Re: [PATCH v3] mm, slub: change run-time assertion in kmalloc_index() to compile-time

From: Nathan Chancellor <nathan@kernel.org>
Date: 2021-05-16 06:34:58
Also in: linux-next, lkml
Subsystem: slab allocator, the rest · Maintainers: Vlastimil Babka, Harry Yoo, Andrew Morton, Linus Torvalds

On Sat, May 15, 2021 at 11:24:25PM +0200, Vlastimil Babka wrote:
On 5/15/21 11:09 PM, Hyeonggon Yoo wrote:
quoted
Hello Vlastimil, recently kbuild-all test bot reported compile error on
clang 10.0.1, with defconfig.
Hm yes, catching some compiler bug was something that was noted to be
possible to happen.
quoted
Nathan Chancellor wrote:
quoted
I think this happens because arch_prepare_optimized_kprobe() calls kzalloc()
with a size of MAX_OPTINSN_SIZE, which is

#define MAX_OPTINSN_SIZE                                \
      (((unsigned long)optprobe_template_end -        \
         (unsigned long)optprobe_template_entry) +     \
        MAX_OPTIMIZED_LENGTH + JMP32_INSN_SIZE)
quoted
and the optprobe_template_{end,entry} are not evaluated as constants.

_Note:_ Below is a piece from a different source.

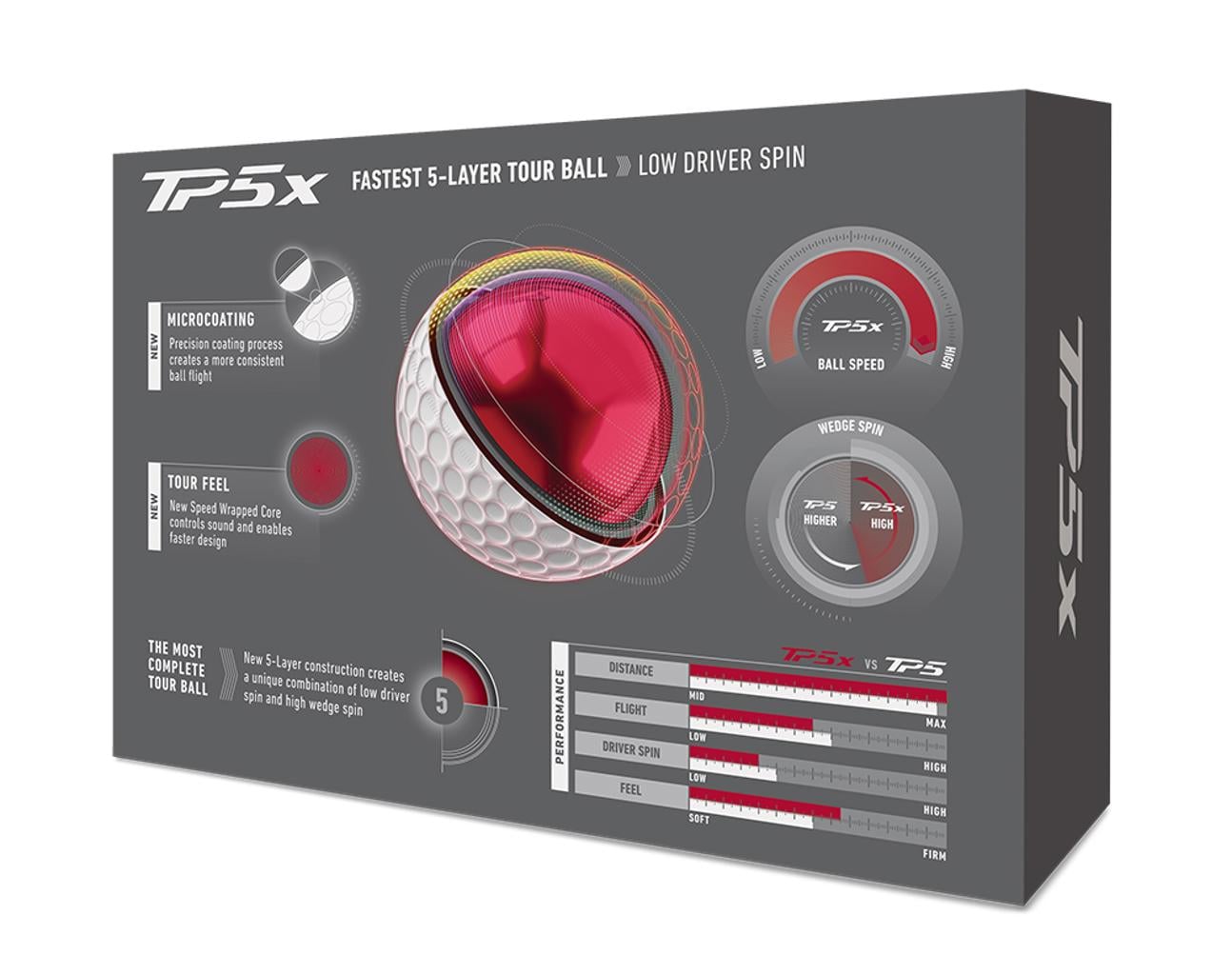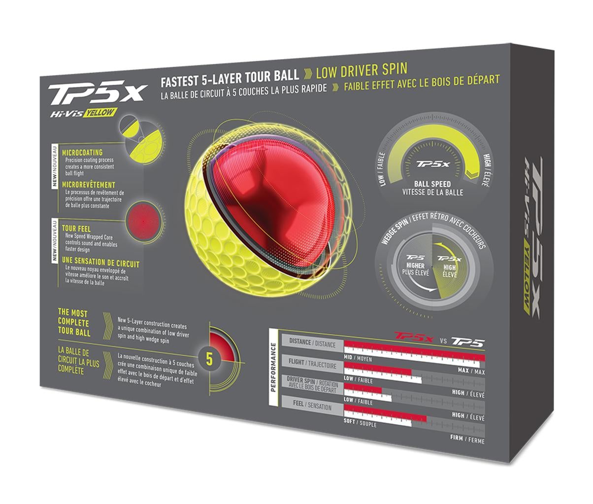 The TP5x golf balls are crafted from the successes of the best Team TaylorMade athletes globally, aiming to deliver low spin along with extraordinary distance off the tee, whilst providing world-class feel and control in crucial moments around the green.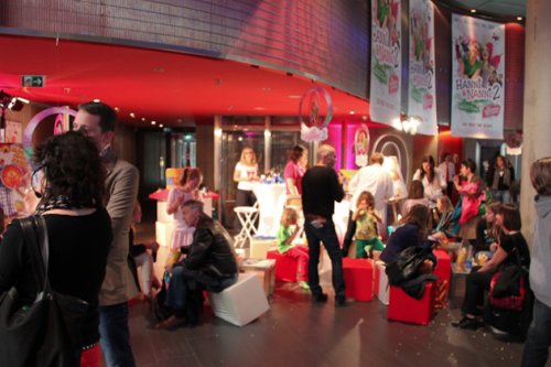 Im Foyer gab es dann eine Schminkecke, eine Ecke in der man sich fotografieren lassen konnte, ein Glücksrad mit Gewinnen und natürlich Eis, Popcorn und Getränke umsonst in rauhen Mengen.

I am not sure what the solution is. There seem to be a growing list of issues
with LLVM 10 that were fixed in LLVM 11, which might necessitate requiring
LLVM 11 and newer to build the kernel, given this affects a defconfig.
Cheers,
Nathan

I think it's because kmalloc compiles successfully when size is constant,
and kmalloc_index isn't. so I think compiler seems to be confused.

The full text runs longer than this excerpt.